I am disappointed that a magazine with a long standing reputation for publishing progressive ideas and uncompromising examinations of current events has descended to repeating, rather than challenging, unfounded ideas about HIV and AIDS. To do so while hurling unkind names at the Foo Fighters, Alive & Well and others who support open inquiry and uncensored dialogue is unkind and irresponsible.

Christine Maggiore
Founder/Director, Alive & Well AIDS Alternatives


Not pretending

RE: “Boys Do Cry

03/28/00

Thank you! Thank you! Thank you for daring to speak the truth about Brandon Teena. Of course, I could have expected no less from Mother Jones. As both a subscriber and a female-to-male (FTM) transgendered man, I applaud you in covering this story accurately.

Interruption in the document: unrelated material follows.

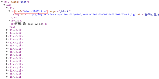 使用chrome的开发者工具,可以发现,缩略图列表在 class="list"的div里,a标签的href属性的值就是单张壁纸所在的页面。
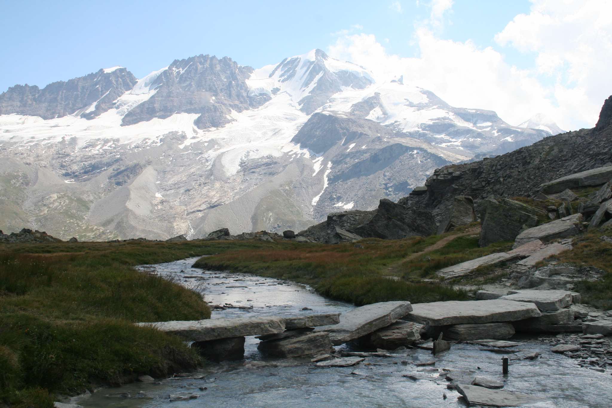 We leave the friendly Benevolo hut behind and climb via the Comba di Goletta to the Col Bassac Dere. This cwm was recently occupied by glacier and is akin to a lunar landscape, surrounded by the remains of the Goletta glacier and rocky ridge lines. At the pass, we have the option to climb the Becca della Traversierre before commencing our interesting descend, edging the impressive Gliairetta glacier, to the Bezzi hut.

All too often this year, as the media buzz around “Boys Don’t Cry” continued, I have found myself writing letters to newspapers and television programs asking them to recognize that Brandon Teena was transgendered and that his story is a drop in the bucket among the violence perpetrated against our community. Instead, mainstream media outlets such as NBC’s “Dateline” single out this incident as if it had no context in the number of increasingly brutal hate-crimes against transgendered men and women. Moreover, most media outlets continue to use female pronouns (i.e., she or her) and to report that Brandon was “a woman pretending to be a man.”

Finally, someone understands that he wasn’t “pretending,” he was transgendered; and I thank you for placing his story in the appropriate context, as well as for using the pronouns that he used to describe himself. Once again,the MoJo Wire is a media leader!